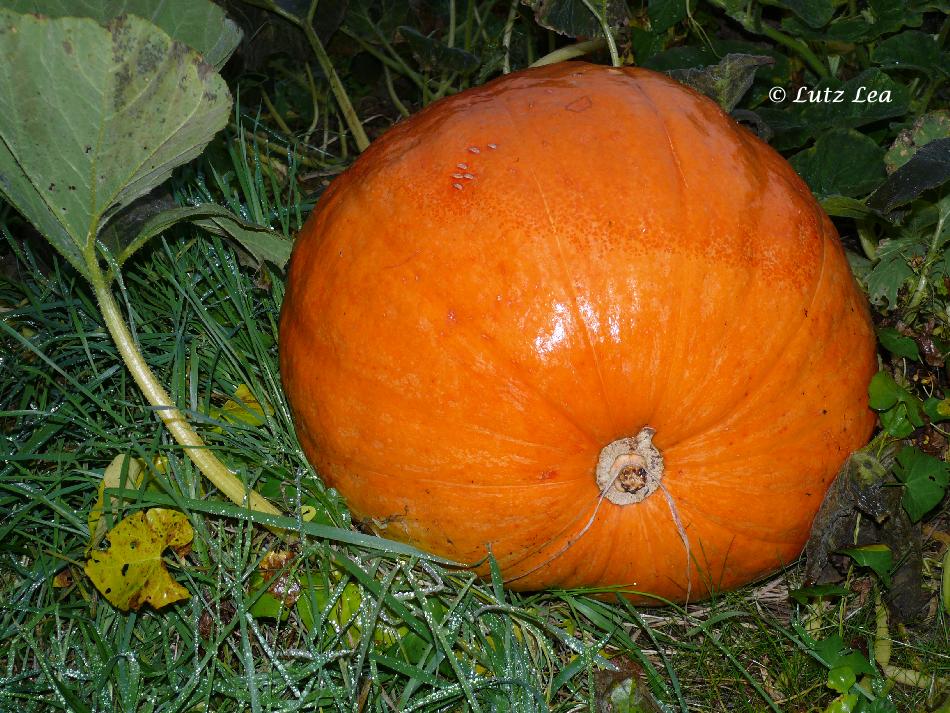 Ein riesen Brummer - Kürbis gedeih wird bald geerntet.
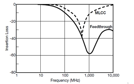 對dui於yu寄ji生sheng參can數shu來lai說shuo,這zhe種zhong幾ji何he結jie構gou具ju有you幾ji個ge有you趣qu的de問wen題ti。首shou先xian,電dian容rong器qi的de寄ji生sheng電dian感gan要yao比bi具ju有you等deng效xiao電dian容rong的de相xiang當dang尺chi寸cun的de片pian式shi電dian容rong器qi要yao小xiao得de多duo。可ke以yi測ce量liang穿chuan心xin電dian容rong的de寄ji生sheng電dian感gan,大da約yue為wei250pH。該相同的現象是在降低了電感的同時也降低了ESR(通道長度,通道長度,通道長度!)最後,穿通部分中電感的引入將增加衰減帶寬。圖8給出了一隻100pF的穿心電容和一個等效的標準片式電容之間的插入損耗比較。
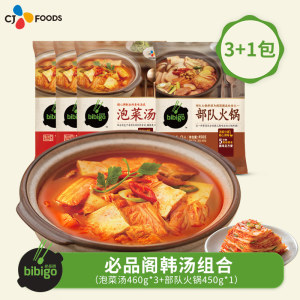 必品阁经典韩式汤底系列,韩国传统工艺熬制,还原韩餐美味,精心调汤,食材随心配,汤酱分离,美味又省心,暖心又暖胃。包含:韩式部队火锅*1+泡菜汤*3
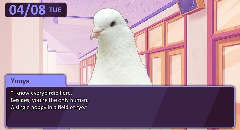 On an alternative version of Earth populated by sentient birds, you play as the only human at the St. PigeoNation’s Institute school for birds who’s looking for love.
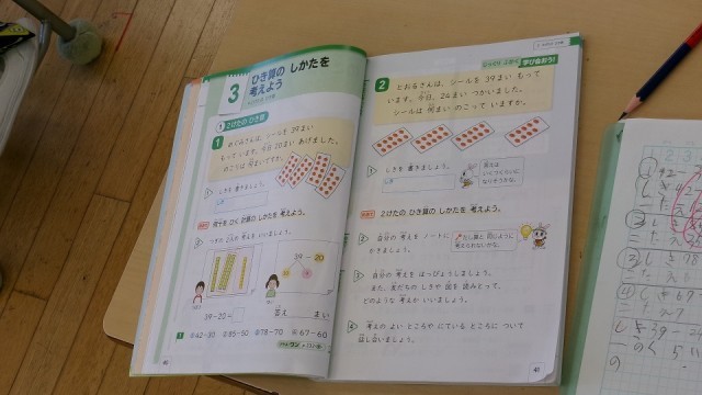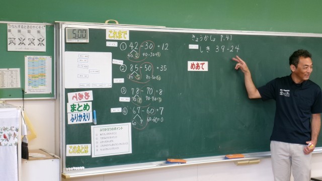 5月7日(水) 2年算数「2けたのひき算」【進んで学ぶ子】 公開日 2025/05/07 更新日 2025/05/07 できごと 今日は2けたのひき算の学習をしました。最初に先生は、「これまで(前時)の学習との違いは」と児童に問い、その違いを明らかにさせることからスタートしました。すると児童は前時との違いである一の位の数字がゼロかそうでないかに気づきました。この新たな疑問を持たせることが大切で、この問いが児童の主体的な学習へとつながっていきます。
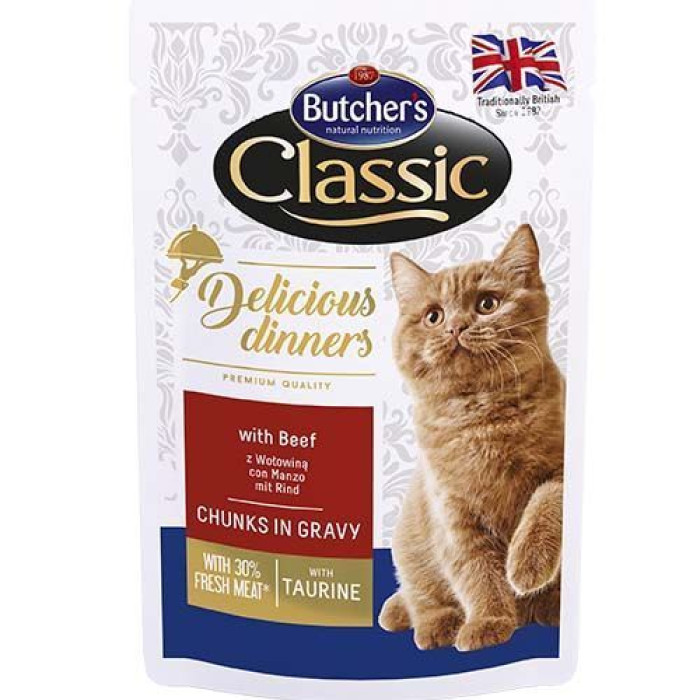 Консервы для кошек Butchers Classic Delicious Dinners, говядина в соусе, пауч 100г
====
WORK INSTRUCTIONS: Look above for the line containing "對dui於yu寄ji生she", then copy exactly from it through the line containing "On an alternative", keeping both and leaving out pictures. Add nothing else.

SOLVED EXERCISE:
 對dui於yu寄ji生sheng參can數shu來lai說shuo,這zhe種zhong幾ji何he結jie構gou具ju有you幾ji個ge有you趣qu的de問wen題ti。首shou先xian,電dian容rong器qi的de寄ji生sheng電dian感gan要yao比bi具ju有you等deng效xiao電dian容rong的de相xiang當dang尺chi寸cun的de片pian式shi電dian容rong器qi要yao小xiao得de多duo。可ke以yi測ce量liang穿chuan心xin電dian容rong的de寄ji生sheng電dian感gan,大da約yue為wei250pH。該相同的現象是在降低了電感的同時也降低了ESR(通道長度,通道長度,通道長度!)最後,穿通部分中電感的引入將增加衰減帶寬。圖8給出了一隻100pF的穿心電容和一個等效的標準片式電容之間的插入損耗比較。
 必品阁经典韩式汤底系列,韩国传统工艺熬制,还原韩餐美味,精心调汤,食材随心配,汤酱分离,美味又省心,暖心又暖胃。包含:韩式部队火锅*1+泡菜汤*3
 On an alternative version of Earth populated by sentient birds, you play as the only human at the St. PigeoNation’s Institute school for birds who’s looking for love.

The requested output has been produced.